Exercise objective: Begin at the line that has "ITEM# : CS81704826", stop after the line that has "Você pode pesquisar", and print exactly those lines from the records below, without any pictures.

=== Records provided ===

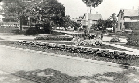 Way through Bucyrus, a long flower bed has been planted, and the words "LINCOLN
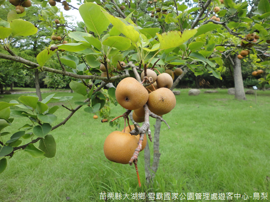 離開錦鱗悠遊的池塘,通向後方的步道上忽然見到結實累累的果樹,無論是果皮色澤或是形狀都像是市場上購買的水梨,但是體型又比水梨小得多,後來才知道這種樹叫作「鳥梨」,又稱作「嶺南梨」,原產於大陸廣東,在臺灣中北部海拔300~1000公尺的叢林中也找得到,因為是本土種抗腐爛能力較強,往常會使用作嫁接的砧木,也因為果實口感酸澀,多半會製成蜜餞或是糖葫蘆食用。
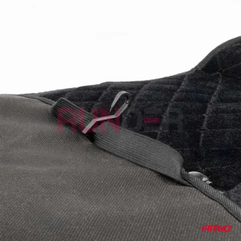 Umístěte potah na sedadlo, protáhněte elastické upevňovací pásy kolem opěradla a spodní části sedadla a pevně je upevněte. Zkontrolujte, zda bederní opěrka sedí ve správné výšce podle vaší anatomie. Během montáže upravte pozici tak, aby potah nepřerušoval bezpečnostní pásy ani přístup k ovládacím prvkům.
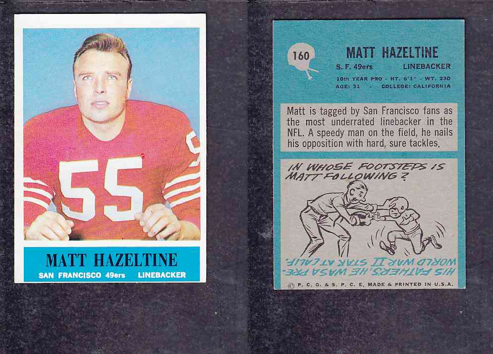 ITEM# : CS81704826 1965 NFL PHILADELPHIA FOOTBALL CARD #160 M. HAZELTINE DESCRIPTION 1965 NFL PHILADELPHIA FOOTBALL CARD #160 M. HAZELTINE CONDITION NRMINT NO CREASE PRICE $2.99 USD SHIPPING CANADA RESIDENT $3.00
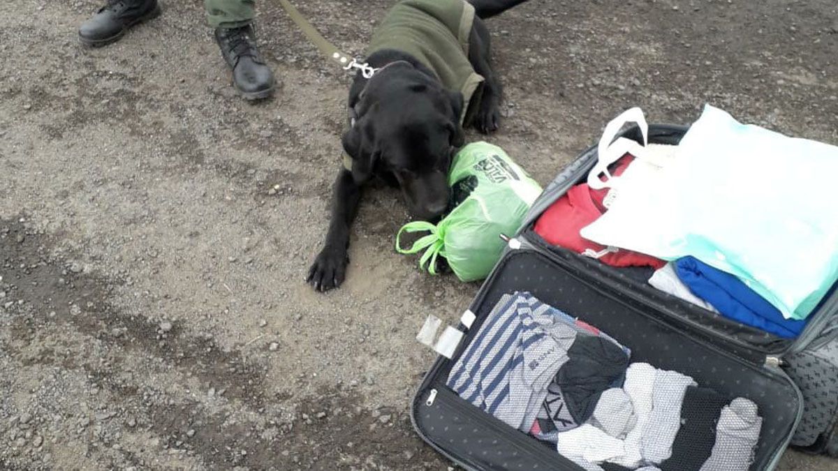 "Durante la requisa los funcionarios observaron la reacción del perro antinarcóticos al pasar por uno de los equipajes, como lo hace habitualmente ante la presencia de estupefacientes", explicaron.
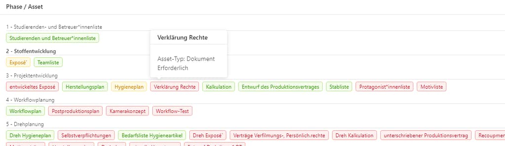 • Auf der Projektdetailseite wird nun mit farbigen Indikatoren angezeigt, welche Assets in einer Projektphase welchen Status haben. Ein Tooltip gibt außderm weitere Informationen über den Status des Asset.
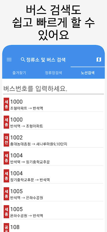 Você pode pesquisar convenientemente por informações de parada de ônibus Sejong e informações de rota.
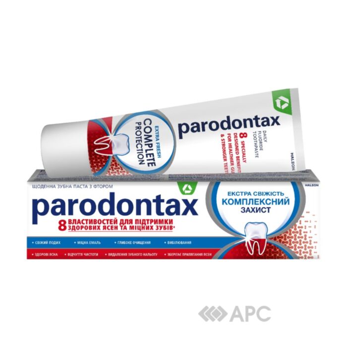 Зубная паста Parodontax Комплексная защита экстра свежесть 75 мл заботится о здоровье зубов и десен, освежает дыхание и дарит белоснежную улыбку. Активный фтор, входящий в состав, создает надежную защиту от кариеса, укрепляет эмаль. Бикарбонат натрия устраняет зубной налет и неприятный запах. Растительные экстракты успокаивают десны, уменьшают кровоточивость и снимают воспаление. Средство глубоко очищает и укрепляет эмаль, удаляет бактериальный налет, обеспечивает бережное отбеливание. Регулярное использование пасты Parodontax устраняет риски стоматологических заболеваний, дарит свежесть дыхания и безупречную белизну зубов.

===

Result for this task:
 ITEM# : CS81704826 1965 NFL PHILADELPHIA FOOTBALL CARD #160 M. HAZELTINE DESCRIPTION 1965 NFL PHILADELPHIA FOOTBALL CARD #160 M. HAZELTINE CONDITION NRMINT NO CREASE PRICE $2.99 USD SHIPPING CANADA RESIDENT $3.00
 "Durante la requisa los funcionarios observaron la reacción del perro antinarcóticos al pasar por uno de los equipajes, como lo hace habitualmente ante la presencia de estupefacientes", explicaron.
 • Auf der Projektdetailseite wird nun mit farbigen Indikatoren angezeigt, welche Assets in einer Projektphase welchen Status haben. Ein Tooltip gibt außderm weitere Informationen über den Status des Asset.
 Você pode pesquisar convenientemente por informações de parada de ônibus Sejong e informações de rota.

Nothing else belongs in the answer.